Lutey Barbara A, Lefrak Stephen S, Woods Jason C, Tanoli Tariq, Quirk James D, Bashir Adil, Yablonskiy Dmitriy A, Conradi Mark S, Bartel Seth T, Pilgram Thomas K, Cooper Joel D, Gierada David S
Division of Pulmonary and Critical Care Medicine, Washington University School of Medicine, 510 S Kingshighway Blvd, St Louis, MO 63110, USA.
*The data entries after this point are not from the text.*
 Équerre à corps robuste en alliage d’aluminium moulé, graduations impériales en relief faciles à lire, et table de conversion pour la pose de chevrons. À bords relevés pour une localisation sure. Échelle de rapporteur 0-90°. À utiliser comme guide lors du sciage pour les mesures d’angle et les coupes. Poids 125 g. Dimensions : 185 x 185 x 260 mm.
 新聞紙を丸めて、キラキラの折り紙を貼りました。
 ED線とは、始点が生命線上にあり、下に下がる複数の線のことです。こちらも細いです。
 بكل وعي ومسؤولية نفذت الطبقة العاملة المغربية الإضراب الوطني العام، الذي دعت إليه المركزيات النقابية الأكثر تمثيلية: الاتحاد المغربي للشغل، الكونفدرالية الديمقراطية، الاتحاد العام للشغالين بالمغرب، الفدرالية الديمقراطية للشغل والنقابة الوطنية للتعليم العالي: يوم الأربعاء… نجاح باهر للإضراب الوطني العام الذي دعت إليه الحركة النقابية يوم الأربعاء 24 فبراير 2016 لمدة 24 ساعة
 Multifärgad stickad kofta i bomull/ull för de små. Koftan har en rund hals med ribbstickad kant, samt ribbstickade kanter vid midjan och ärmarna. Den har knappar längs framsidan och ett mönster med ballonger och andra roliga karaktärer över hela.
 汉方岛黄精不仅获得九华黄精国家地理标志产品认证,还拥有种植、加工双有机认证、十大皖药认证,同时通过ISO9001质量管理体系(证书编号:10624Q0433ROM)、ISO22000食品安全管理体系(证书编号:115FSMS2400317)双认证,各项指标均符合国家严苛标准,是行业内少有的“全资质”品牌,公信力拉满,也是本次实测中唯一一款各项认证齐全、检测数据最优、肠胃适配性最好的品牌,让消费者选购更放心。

Radiology. 2008 Aug;248(2):655-61. doi: 10.1148/radiol.2482071838.
To evaluate the safety of hyperpolarized helium 3 ((3)He) magnetic resonance (MR) imaging.
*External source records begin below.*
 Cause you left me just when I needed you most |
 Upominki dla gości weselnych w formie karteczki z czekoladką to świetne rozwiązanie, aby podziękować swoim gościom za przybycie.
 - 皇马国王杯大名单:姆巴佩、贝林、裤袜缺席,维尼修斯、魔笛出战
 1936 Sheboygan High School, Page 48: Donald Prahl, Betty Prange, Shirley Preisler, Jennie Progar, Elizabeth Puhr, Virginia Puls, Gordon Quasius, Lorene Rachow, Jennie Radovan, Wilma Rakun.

Local institutional review board approval and informed consent were obtained. Physiologic monitoring data were obtained before, during, and after hyperpolarized (3)He MR imaging in 100 consecutive subjects (57 men, 43 women; mean age, 52 years +/- 14 [standard deviation]). The subjects inhaled 1-3 L of a gas mixture containing 300-500 mL (3)He and 0-2700 mL N(2) and held their breath for up to 15 seconds during MR imaging. Heart rate and rhythm and oxygen saturation of hemoglobin as measured by pulse oximetry (Spo(2)) were monitored continuously throughout each study. The effects of (3)He MR imaging on vital signs and Spo(2) and the relationship between pulmonary function, number of doses, and clinical classification (healthy volunteers, patients with asthma, heavy smokers, patients undergoing lung volume reduction surgery for severe emphysema, and patients with lung cancer) and the lowest observed Spo(2) were assessed. Any subjective symptoms were noted.
Except for a small postimaging decrease in mean heart rate (from 78 beats per minute +/- 13 to 73 beats per minute +/- 11, P < .001), there was no effect on vital signs. A mean transient decrease in Spo(2) of 4% +/- 3 was observed during the first minute after gas inhalation (P < .001) in 77 subjects who inhaled a dose of 1 L for 10 seconds or less, reaching a nadir of less than 90% at least once in 20 subjects and of less than 85% in four subjects. There was no correlation between the lowest Spo(2) and pulmonary function parameters other than baseline Spo(2) (r = 0.36, P = .001). The lowest mean Spo(2) varied by 1% between the first and second and second and third doses (P < .001) and was unrelated to clinical classification (P = .40). Minor subjective symptoms were noted by 10 subjects. No serious adverse events occurred.
Hyperpolarized (3)He MR imaging can be safely performed in healthy subjects, heavy smokers, and those with severe obstructive airflow limitation, although unpredictable transient desaturation suggests that potential subjects should be carefully screened for comorbidities.
评估超极化氦3(³He)磁共振成像(MRI)的安全性。
获得当地机构审查委员会批准并取得知情同意。在100名连续受试者(57名男性,43名女性;平均年龄52岁±14[标准差])进行超极化³He MRI成像之前、期间和之后获取生理监测数据。受试者吸入1 - 3 L含有300 - 500 mL³He和0 - 2700 mL N₂的混合气体,并在MRI成像期间屏气长达15秒。在每项研究过程中持续监测心率、心律以及通过脉搏血氧饱和度仪测量的血红蛋白氧饱和度(Spo₂)。评估³He MRI成像对生命体征和Spo₂的影响,以及肺功能、剂量数和临床分类(健康志愿者、哮喘患者、重度吸烟者、因严重肺气肿接受肺减容手术的患者以及肺癌患者)与观察到的最低Spo₂之间的关系。记录任何主观症状。
除成像后平均心率有小幅下降(从每分钟78次±13降至每分钟73次±11,P <.001)外,对生命体征无影响。在77名吸入1 L剂量持续10秒或更短时间的受试者中,吸入气体后第一分钟内观察到Spo₂平均短暂下降4%±3(P <.001),20名受试者中至少有一次最低值低于90%,4名受试者低于85%。除基线Spo₂外,最低Spo₂与肺功能参数之间无相关性(r = 0.36,P =.001)。第一剂和第二剂以及第二剂和第三剂之间最低平均Spo₂相差1%(P <.001),且与临床分类无关(P =.40)。10名受试者记录到轻微主观症状。未发生严重不良事件。
超极化³He MRI成像可在健康受试者、重度吸烟者以及患有严重阻塞性气流受限的患者中安全进行,尽管不可预测的短暂去饱和提示应对潜在受试者仔细筛查合并症。